I haven't had any issues with overheating. When I know I am going to be using the sander for more then just a quick touch up I hook my Shop Vac to it. I can sand with the dust collection air flow pulling the heat away. If I don't hook my shop vac to it it starts getting warm after a few minutes. Most often I use it with the Shop Vac hooked up because of it's very good dust control.


----------



## JonathanG (Jan 18, 2010)

I am considering picking one of the recondtioned units up from Rockler for $69.99 online (only). Has anyone purchased one of the reconditioned units? If so, did it arrive looking new? Seems like a great price compared to spending $30 more for a NIB unit.

I'm also wondering which sandpaper you all use with this unit?

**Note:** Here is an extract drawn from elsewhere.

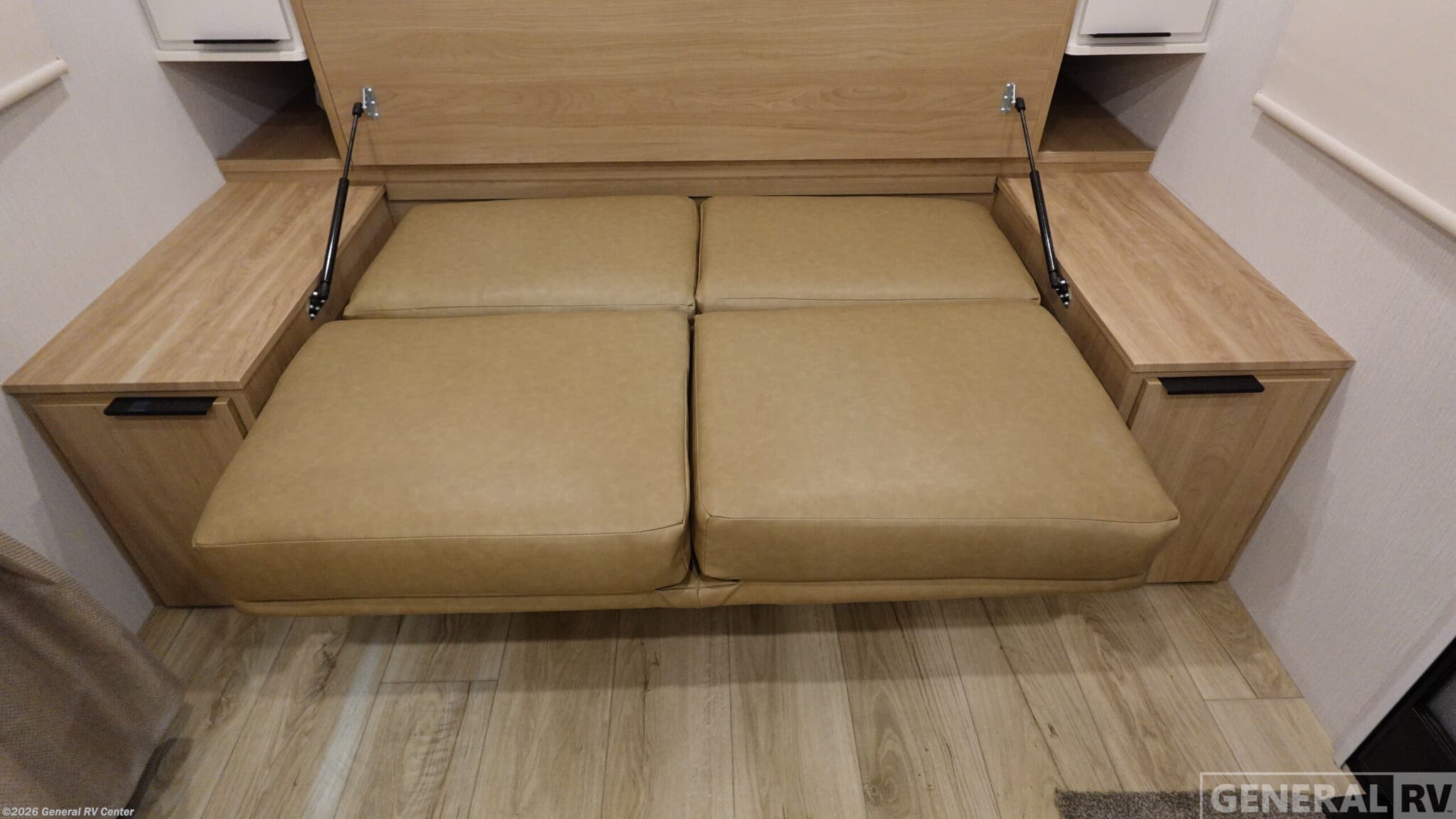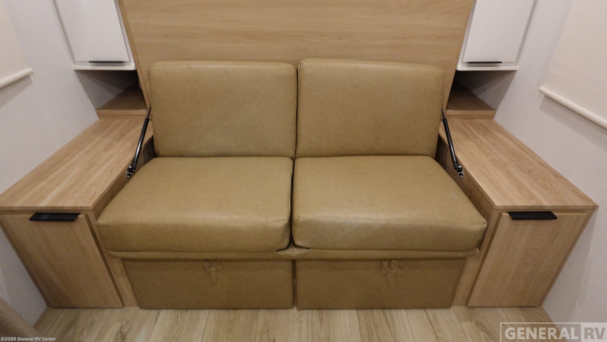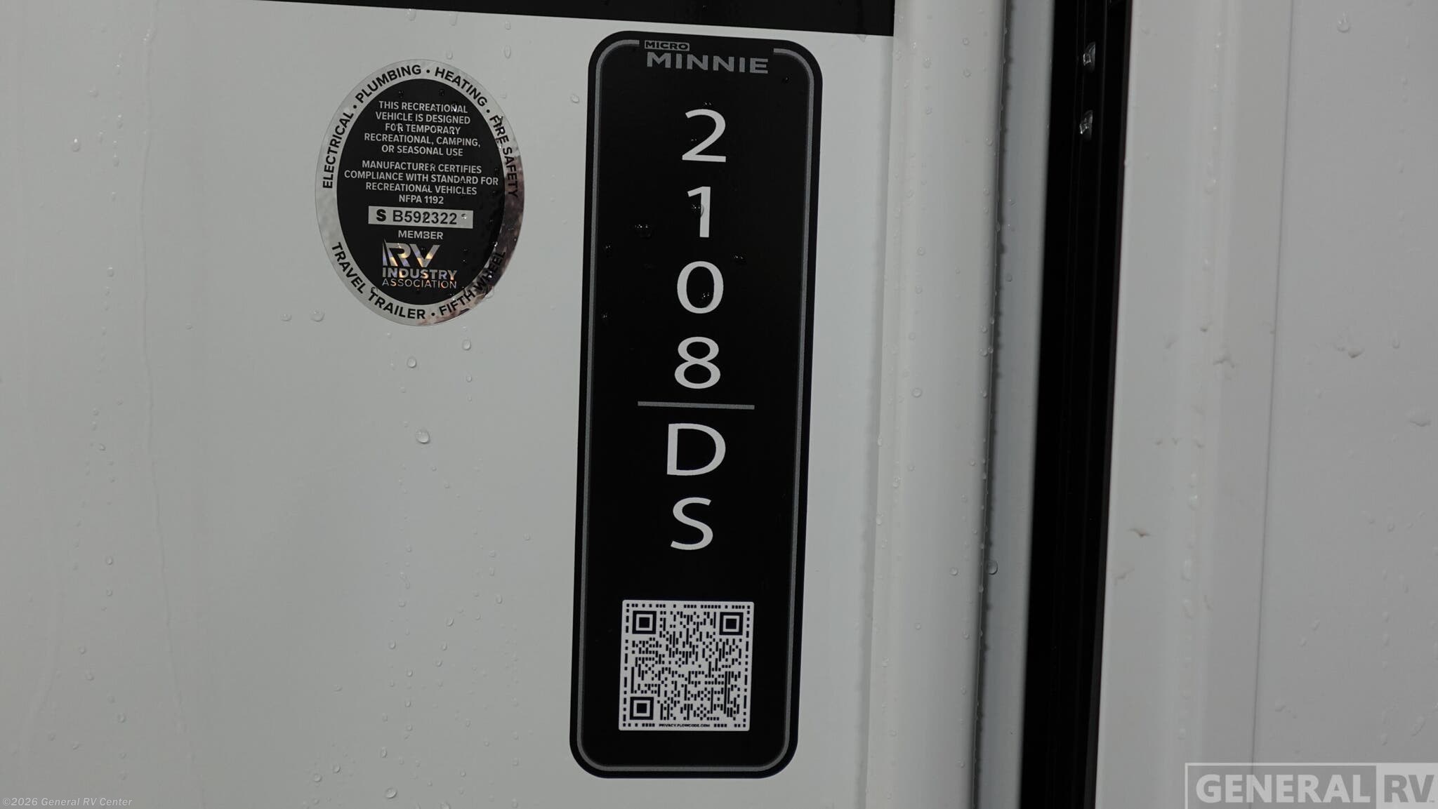 Winnebago Micro Minnie travel trailer 2108DS highlights: Front Murphy Bed Full Rear Bathroom 10 Cu. Ft. Refrigerator Privacy Curtain Dual Nightstands If you're looking for versatility, then you need this travel trailer! Depending on the time of day you enter will determine whether you see the Murphy bed or the sofa up front. A slide out 44" x 72" booth dinette can be used for dining, playing games, and sleeping space at night. The full rear bathroom is equipped with everything you will need to freshen up each morning and features a wardrobe for your clothing and linens, and a pocket door into the bath saves space in the main room. The Smart TV is conveniently located so you can watch your favorite shows from the sofa or Murphy bed as well as the dinette, plus the pantry offers a place to store your snacks and such for easy access. The cook in your bunch will love all the amenities to make meals including the handy flip-up counter for more prep space. Start out on your boundless journey in one of these Winnebago Micro Minnie travel trailers! Towing is made simple with the 7' width to keep your Micro Minnie in your rear-view mirror, and even though they are compact in size, they aren't lacking in features. Each one is built with an NXG frame and fiberglass sidewalls with Azdel Onboard composite panels for added durability, plus dual Dexter TORFLEX torsion axles for smooth towing. There are also Goodyear Wrangle tires, power stabilizer jacks, a fully walkable roof and many more exterior conveniences. A 200-watt solar panel and Winnebago all-in-one control panel will provide off-grid capabilities and let you stay in control of your trailer's functions. Inside, you'll enjoy the flush mount ceiling lights, full-overlay European-style cabinetry, and JBL premium sound interior speakers, plus there is a tankless water heater to ensure your comfort!

I know Lowes sells the 3-pack, multi-grit (50,80,120) of the GatorGrit paper. Do these belts seem to work well, hold up, etc.? Any other belts out there you'd recommend tracking down in the 2.5×14-inch size for this sander?

Thanks for the info.


----------



## Abbott (May 10, 2009)

Hi *Jonathan* I use the belts from Lowe's, Home Depot and Harbor Freight. I believe some of the woodworking stores such as Woodcraft or Rockler may carry belts with a finer grit.


----------



## JonathanG (Jan 18, 2010)

Abbott, thanks for the info. regarding the belts. I'll have to check on the finer grits.


----------



## a1Jim (Aug 9, 2008)

I've had one a couple years now and find it's great for a lot of uses.


----------